# Corner Lights?



## Flounder (Sep 4, 2003)

I have been wanting to get new front corner lights for my 95 200sx for awhile now. The popular "clear corners" are everywhere on ebay and at my local shops. But my original headlights look pretty bad now with sun fade and hazeiness, and im sure that clear corners would make my headlights look even worse. So my question is if anybody knows if solid orange JDM style lenses are in existance for 95-99 Sentra/200SX, and if so where to get them.
Thanks.
RT


----------



## dry (Oct 21, 2002)

do they exist? yes, in japan. Are they easy to come by? no. You can buy some "stained glass" spray paint at your local craft shop and use that, try to find an amber color... that works well. there are a few choices on corners you can have... there is stock, stock clear, crystal clear, stealth, stealth v.2.0 and amber. Easyness to find them is in the same order I typed them in. Good luck.


----------



## Flounder (Sep 4, 2003)

*uhg*

yeah, thats the answer i was afraid i was going to get. I have nothing against clear lenses, but i would have to buy new headllights to look acceptable, and i have no intention of spending $160 on halos or $300+ on factory crystal replacements anytime soon.


----------



## sentra_hilo (Apr 23, 2003)

i got some pretty new oem ones for sale if you'd like.


----------



## LIUSPEED (May 29, 2002)

SERmonkey65 said:


> yeah, thats the answer i was afraid i was going to get. I have nothing against clear lenses, but i would have to buy new headllights to look acceptable, and i have no intention of spending $160 on halos or $300+ on factory crystal replacements anytime soon.

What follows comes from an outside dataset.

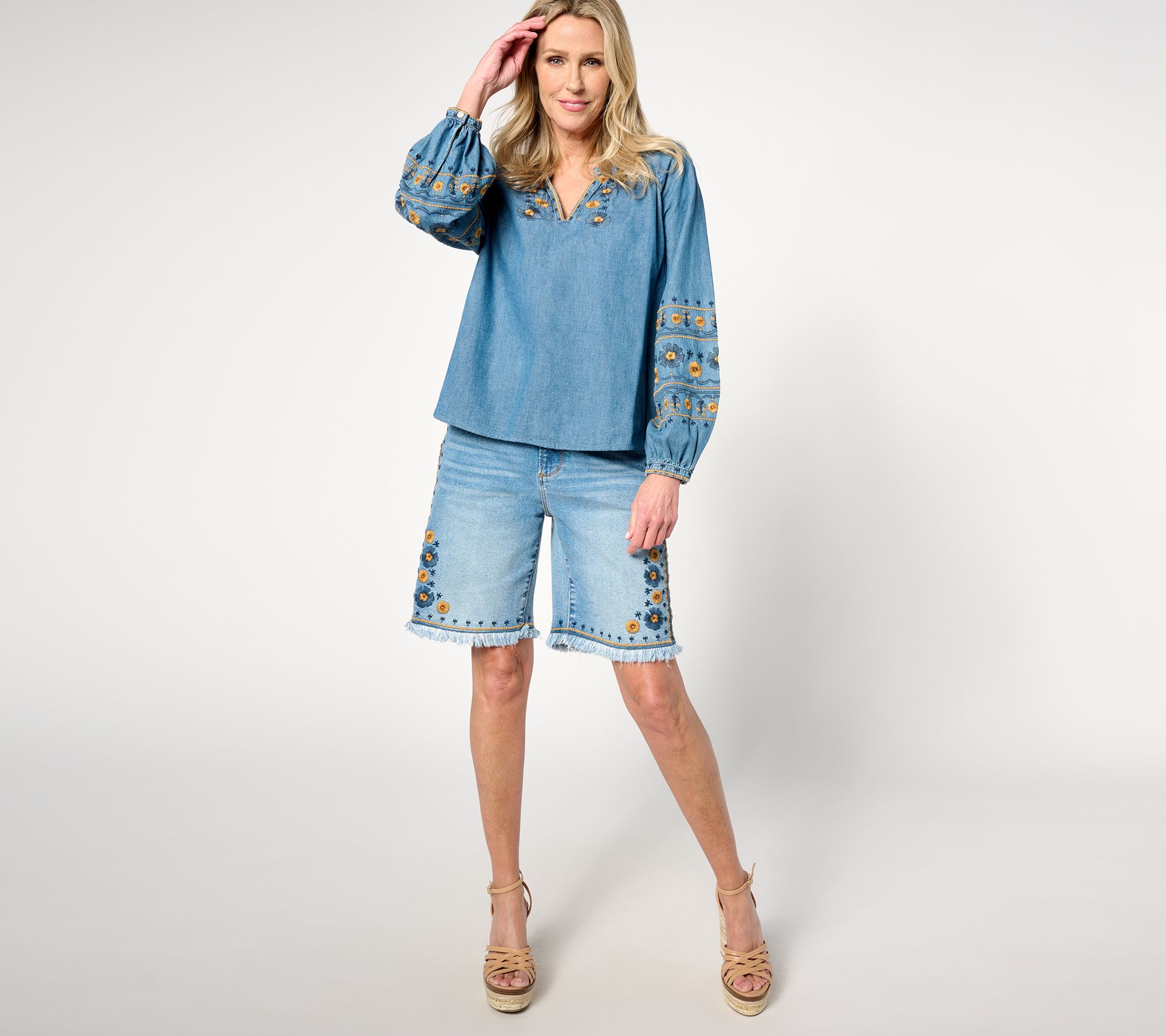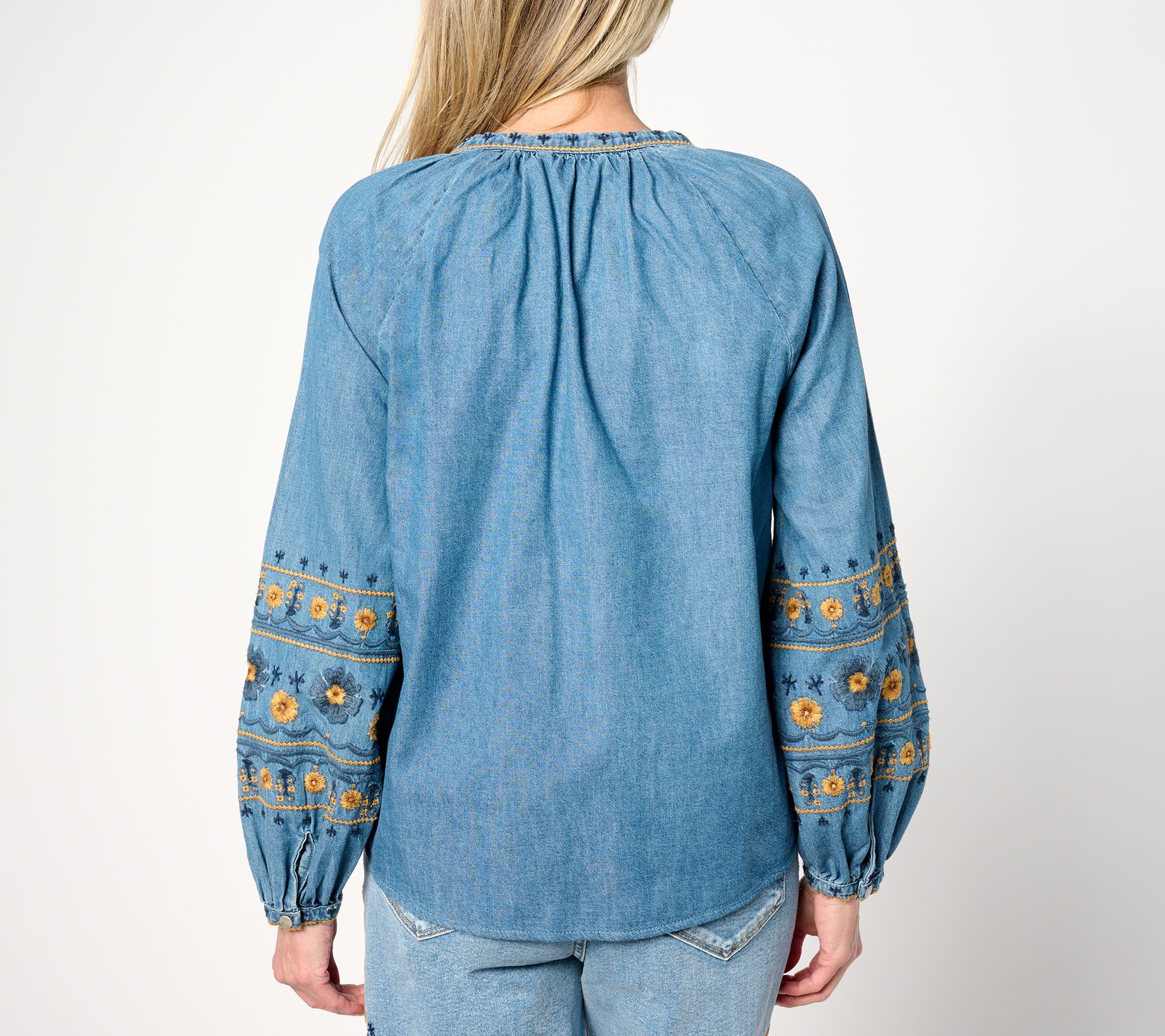"As Is" Driftwood Jeans Chambray Embroidered Blouse

why not spend 265 shipped and insured for crystal corner and headlights together?


----------



## dry (Oct 21, 2002)

stock clear corners









crystal clear corners









stealth clear corners


----------



## JDM-GA16DE (Dec 6, 2003)

the easiest and cheapest way to have the AMBER look...is too...buy a set of any color corners...i recommend hittin the junkyard...take the one corner and put it in the oven for like 8 minutes....it might sound funny,,,but this melts the sealer that is around the lens and the housing...now that you melted the sealer. remove the clear lens...clean the inside of the lens...then choose the color of your choice...spray paint the inside of the lens...next just buy a sealer and seal the lens to the housing and your done!!...it comes out great...!!


----------



## dry (Oct 21, 2002)

thats how I did these AMBER corners, but I sprayed the outside rather than baking them....


__
Image uploading. Refresh page to view


----------



## JDM-GA16DE (Dec 6, 2003)

yo bro!!..that came out hot!!...what was the brand and exact color of spray paint did you use??...the only reason i baked mine was because i once hit the very bottom of my front bumber on a parking curb thingy...and scratched it big time...so i just bought black enamel spray paint and painted it...it looked good...but then like a week after, i wanted to wax the car..and when i put wax on the spray paint...it all came out fuzzy and dull as hell....i dont know if you have that problem with the corners...but they do look hot man!!


----------



## dry (Oct 21, 2002)

it is a spray paint you can find at Michaels craft store, its called stained glass spray paint... the color was like amber or orange or something. They came out alright butt nto 100% as I would have liked, which is why I am still using the stealth corners.


----------